Problem requirements
After finding the line with "美国 休士顿 1996-10" in the data below, set down exactly each line through the one with "2026.04.27 124期レッスンタイムテーブル追加変更のお知らせ ライジングテニスクラブ", inclusive, and stop there.

Given records
────────────────────

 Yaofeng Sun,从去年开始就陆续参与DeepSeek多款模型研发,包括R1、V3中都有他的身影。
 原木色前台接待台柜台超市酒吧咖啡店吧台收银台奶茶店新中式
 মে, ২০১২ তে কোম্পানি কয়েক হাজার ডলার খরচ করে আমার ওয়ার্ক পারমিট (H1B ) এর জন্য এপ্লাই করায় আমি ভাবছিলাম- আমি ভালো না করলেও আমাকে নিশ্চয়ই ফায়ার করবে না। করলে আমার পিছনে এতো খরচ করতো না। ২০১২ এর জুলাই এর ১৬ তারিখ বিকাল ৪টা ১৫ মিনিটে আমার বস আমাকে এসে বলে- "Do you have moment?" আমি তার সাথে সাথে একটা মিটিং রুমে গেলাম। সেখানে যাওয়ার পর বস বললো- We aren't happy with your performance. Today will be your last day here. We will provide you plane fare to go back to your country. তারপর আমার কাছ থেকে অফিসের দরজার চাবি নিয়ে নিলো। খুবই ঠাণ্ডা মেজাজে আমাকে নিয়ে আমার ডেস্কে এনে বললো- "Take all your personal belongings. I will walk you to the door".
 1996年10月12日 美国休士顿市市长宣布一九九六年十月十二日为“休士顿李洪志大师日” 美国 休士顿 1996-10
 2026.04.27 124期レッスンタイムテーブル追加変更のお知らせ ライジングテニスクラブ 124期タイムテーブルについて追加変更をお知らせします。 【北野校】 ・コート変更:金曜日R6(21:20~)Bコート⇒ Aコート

────────────────────

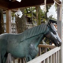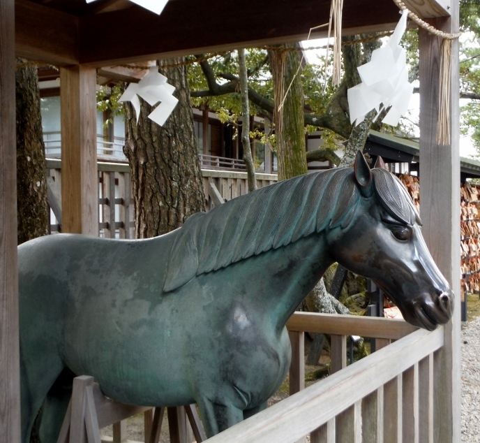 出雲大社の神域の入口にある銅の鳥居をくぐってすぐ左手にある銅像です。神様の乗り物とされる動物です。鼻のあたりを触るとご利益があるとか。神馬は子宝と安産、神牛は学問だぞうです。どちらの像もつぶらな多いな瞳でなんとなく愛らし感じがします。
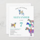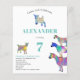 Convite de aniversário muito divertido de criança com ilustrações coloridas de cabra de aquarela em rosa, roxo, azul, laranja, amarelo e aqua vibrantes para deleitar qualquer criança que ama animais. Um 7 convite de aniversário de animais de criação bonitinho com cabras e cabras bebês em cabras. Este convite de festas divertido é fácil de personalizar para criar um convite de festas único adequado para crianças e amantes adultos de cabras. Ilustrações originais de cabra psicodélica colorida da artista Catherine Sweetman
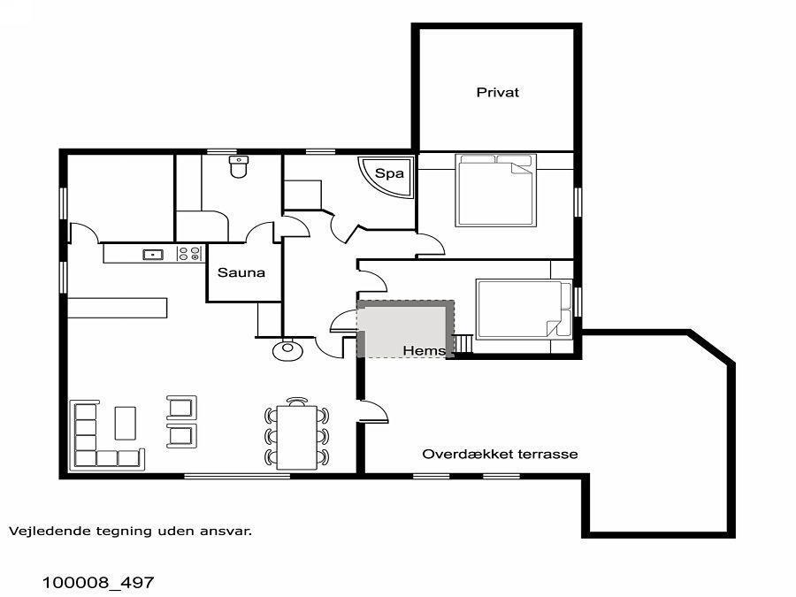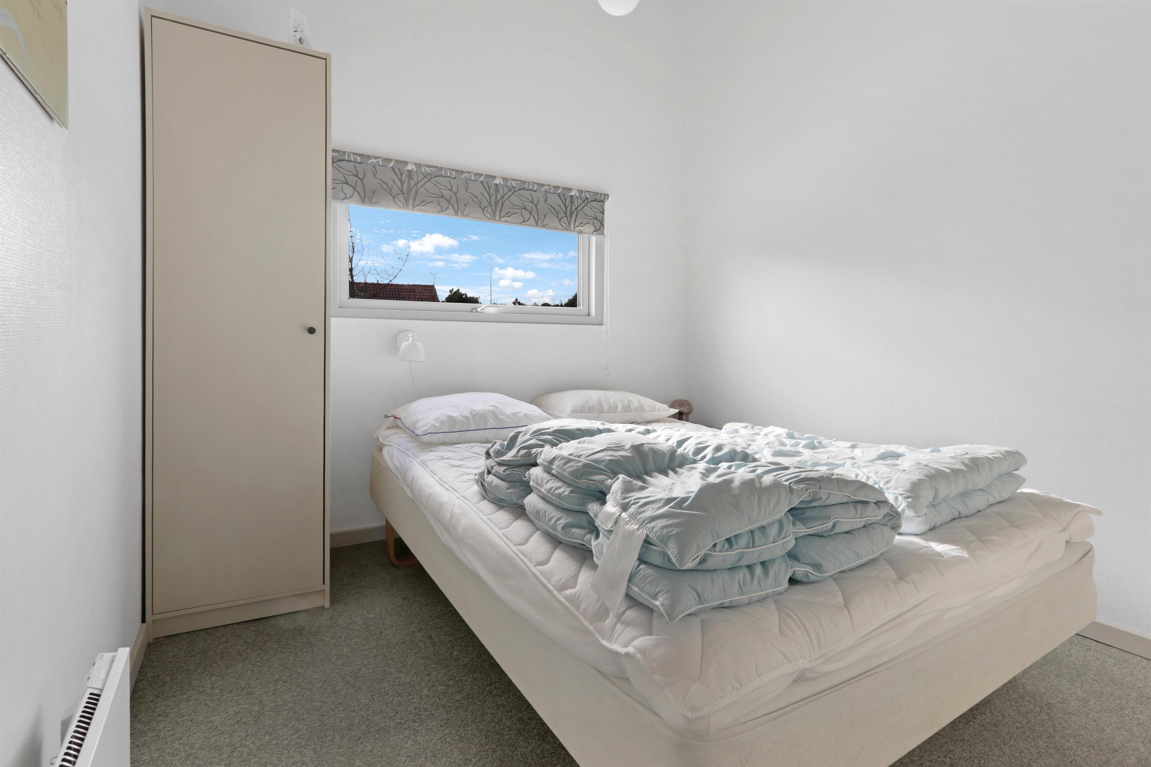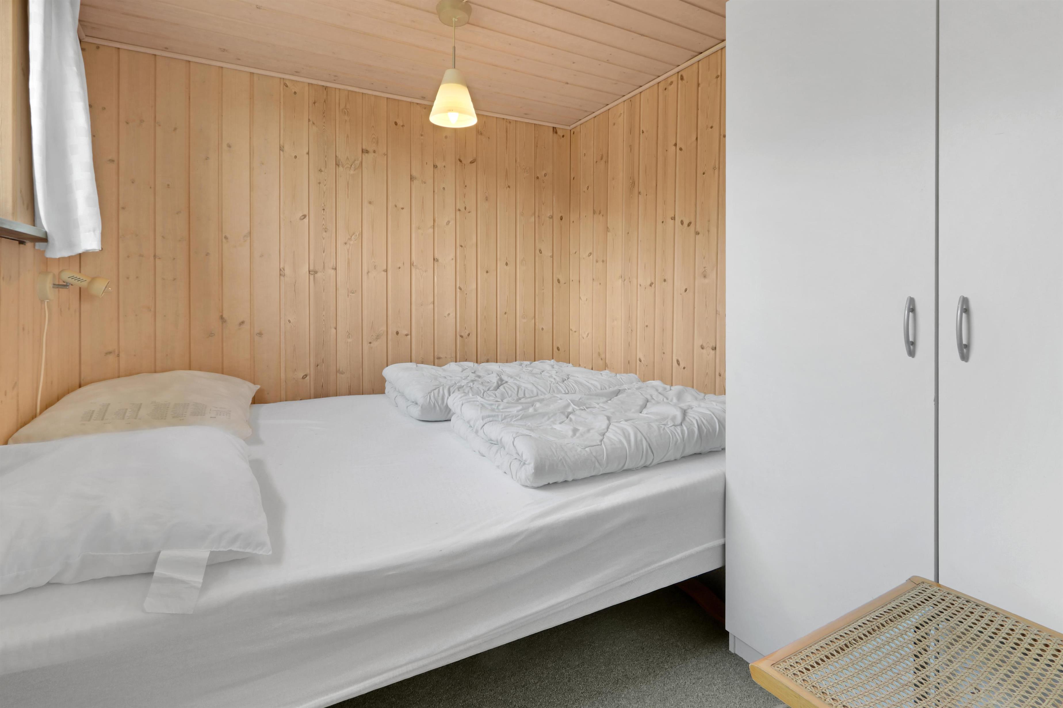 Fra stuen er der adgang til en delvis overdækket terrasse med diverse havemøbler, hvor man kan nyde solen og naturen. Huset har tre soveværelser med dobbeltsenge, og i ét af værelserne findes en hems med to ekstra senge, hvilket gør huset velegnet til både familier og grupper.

────────────────────

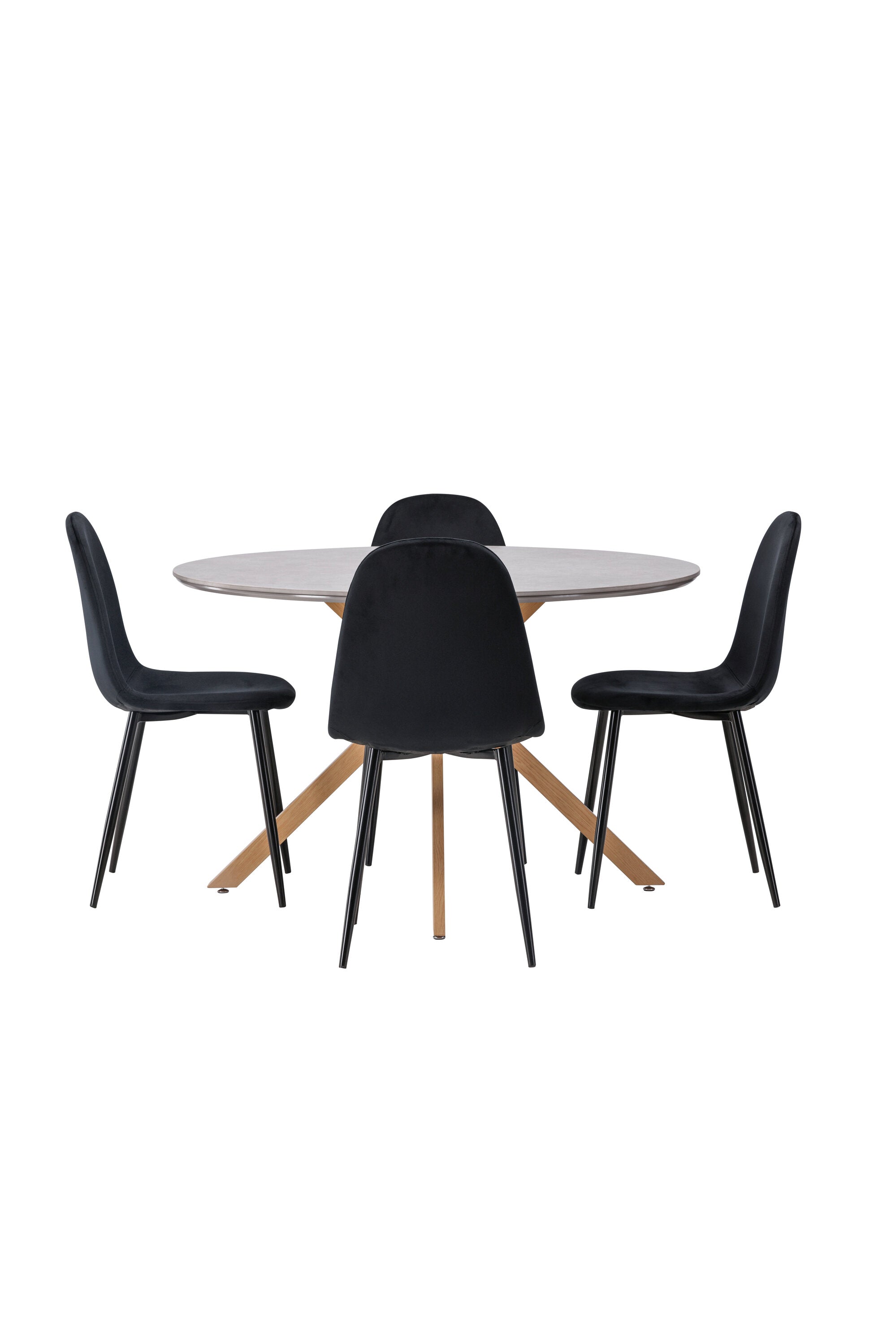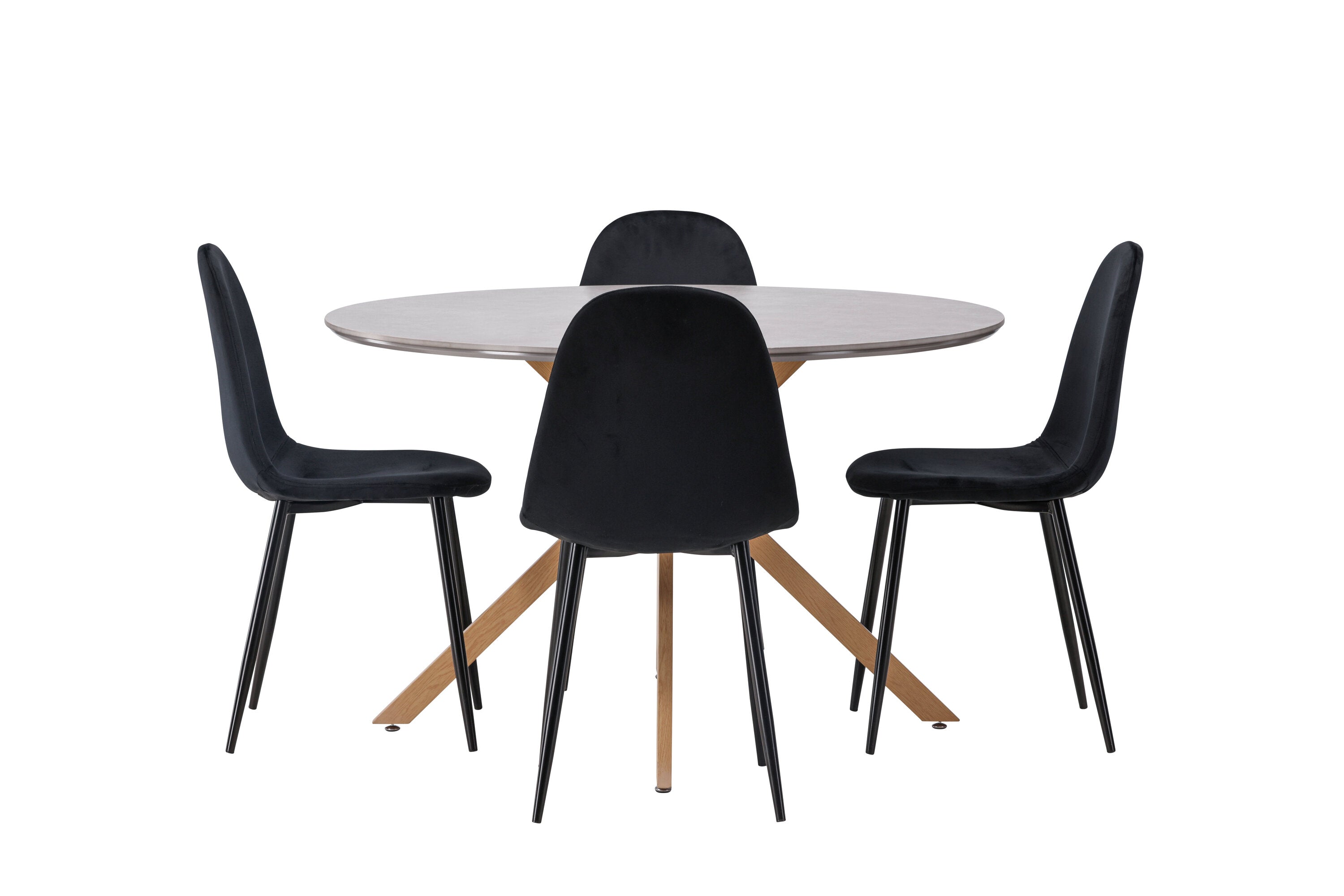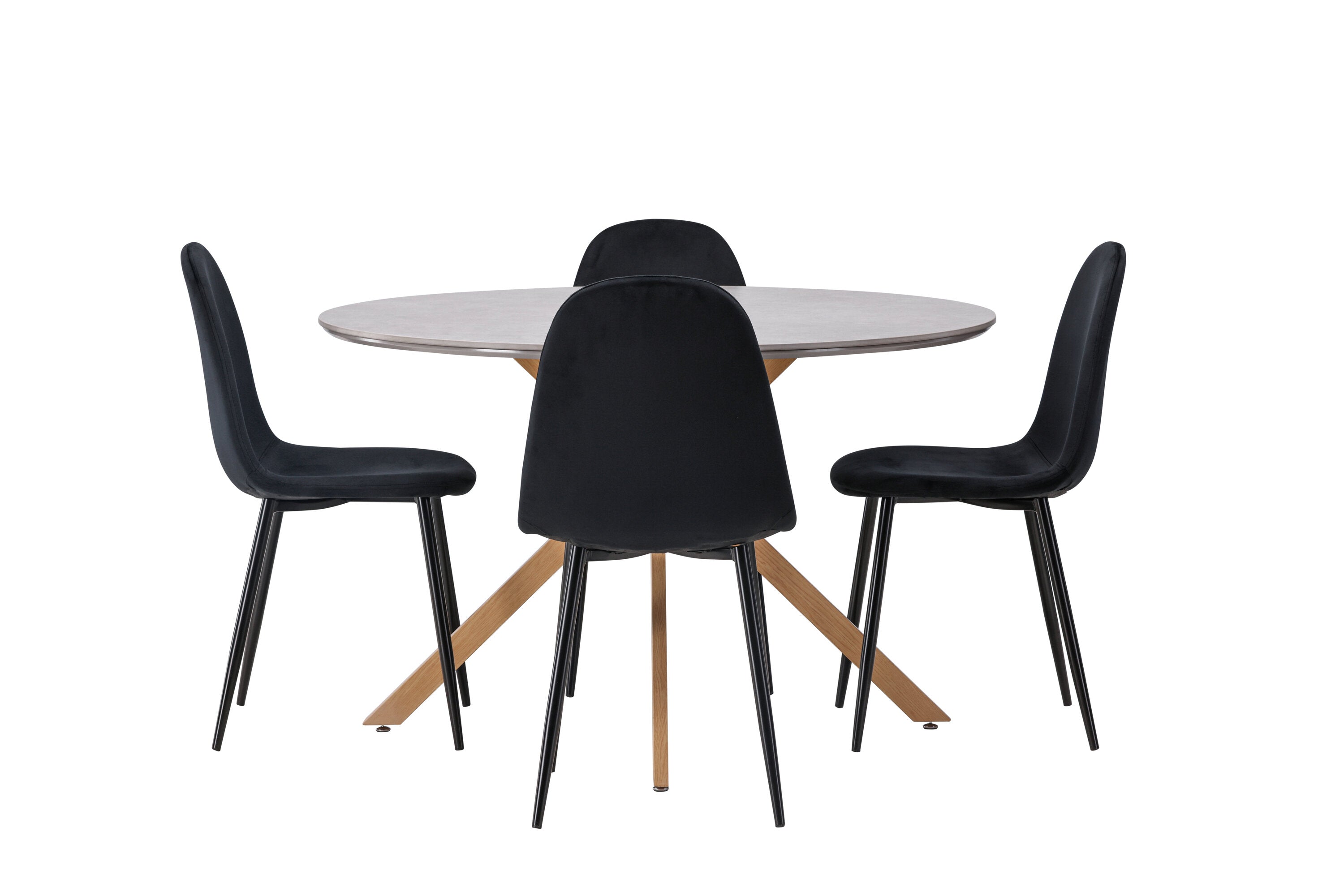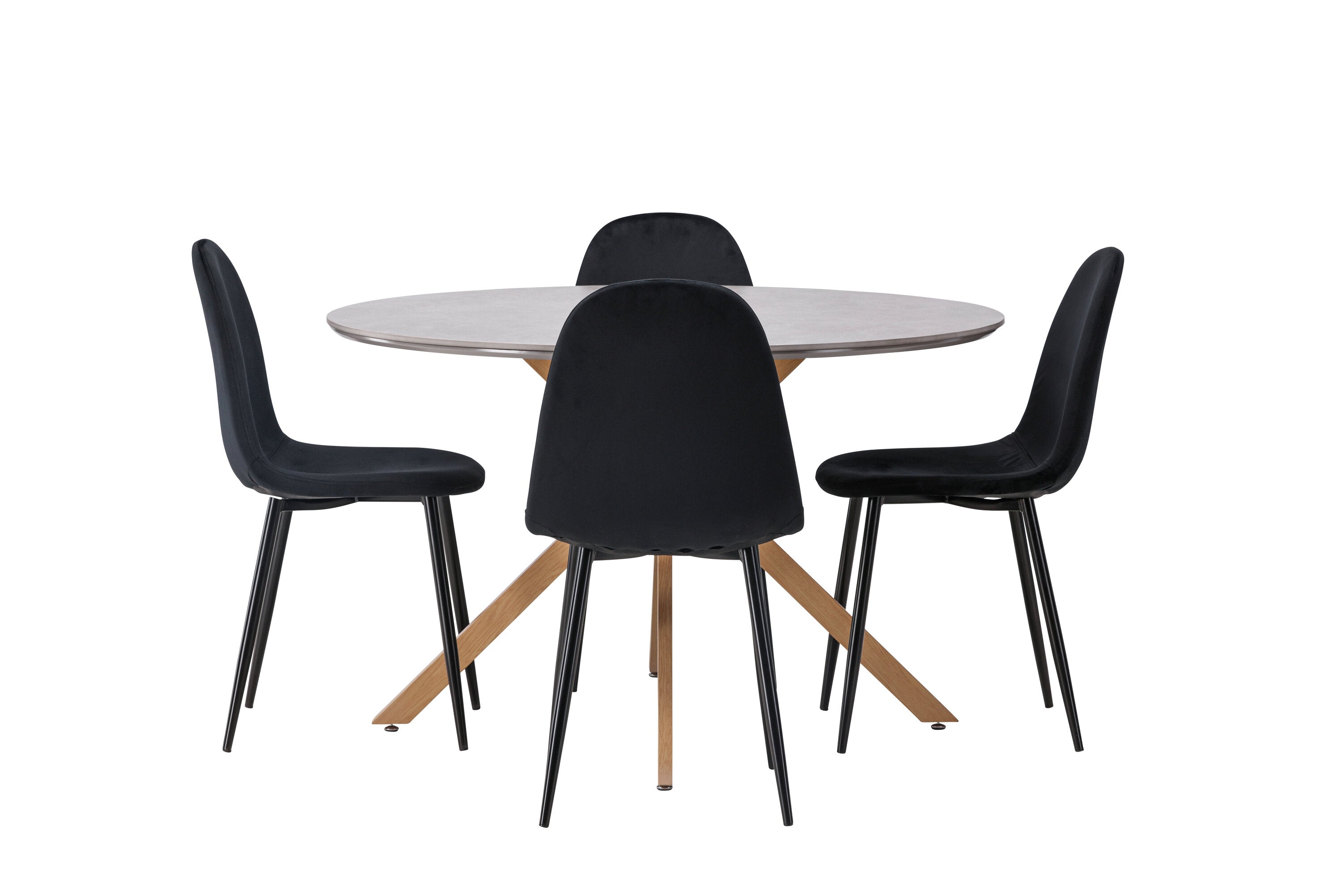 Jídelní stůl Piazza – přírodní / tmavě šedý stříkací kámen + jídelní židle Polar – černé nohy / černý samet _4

────────────────────

Output
 1996年10月12日 美国休士顿市市长宣布一九九六年十月十二日为“休士顿李洪志大师日” 美国 休士顿 1996-10
 2026.04.27 124期レッスンタイムテーブル追加変更のお知らせ ライジングテニスクラブ 124期タイムテーブルについて追加変更をお知らせします。 【北野校】 ・コート変更:金曜日R6(21:20~)Bコート⇒ Aコート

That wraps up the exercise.